**TASK TO COMPLETE:** Your task is to give the listing below back word for word, pictures excluded.
STORED DATA Start Marker
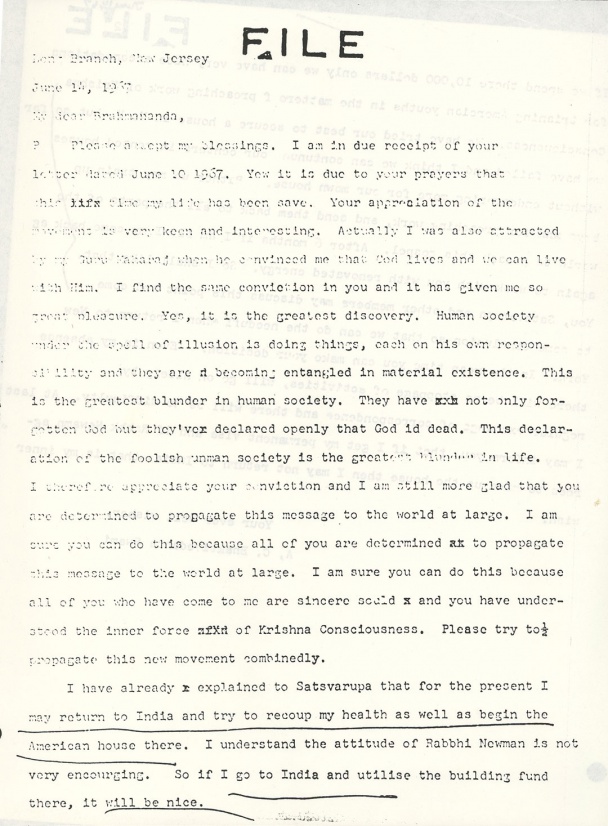 Ya le he explicado a Satsvarupa que por el momento puedo regresar a la India y tratar de recuperar mi salud, así como comenzar allí la casa americana. Entiendo que la actitud de Rabbhi Newman no es muy alentadora. Así que si voy a la India y utilizo el fondo de construcción de allí, sería bueno.
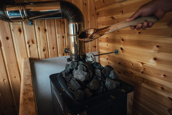 ▲サウナストーンはフィンランドの「かんらん岩」を使用。
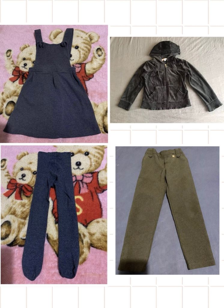 4-5years girls clothing bundle, pinafore trousers tights hoodie
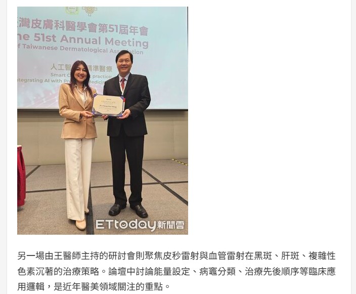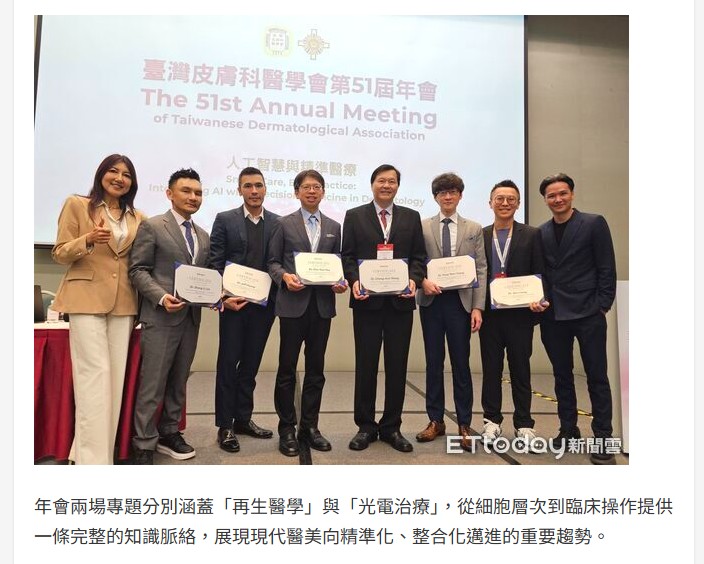 台灣皮膚科醫學會第51屆年會於11月8日至9日在台北國際會議中心舉行,今年焦點之一是由藝群醫學美容集團董事長王正坤醫師主持的兩場專題論壇,分別談論「非交聯玻尿酸生物重塑」與「皮秒雷射搭配血管雷射治療黑斑與肝斑策略」,完整呈現再生醫學與臨床光電整合的最新發展。
STORED DATA End Marker
**ANSWER BELOW:**
 Ya le he explicado a Satsvarupa que por el momento puedo regresar a la India y tratar de recuperar mi salud, así como comenzar allí la casa americana. Entiendo que la actitud de Rabbhi Newman no es muy alentadora. Así que si voy a la India y utilizo el fondo de construcción de allí, sería bueno.
 ▲サウナストーンはフィンランドの「かんらん岩」を使用。
 4-5years girls clothing bundle, pinafore trousers tights hoodie
 台灣皮膚科醫學會第51屆年會於11月8日至9日在台北國際會議中心舉行,今年焦點之一是由藝群醫學美容集團董事長王正坤醫師主持的兩場專題論壇,分別談論「非交聯玻尿酸生物重塑」與「皮秒雷射搭配血管雷射治療黑斑與肝斑策略」,完整呈現再生醫學與臨床光電整合的最新發展。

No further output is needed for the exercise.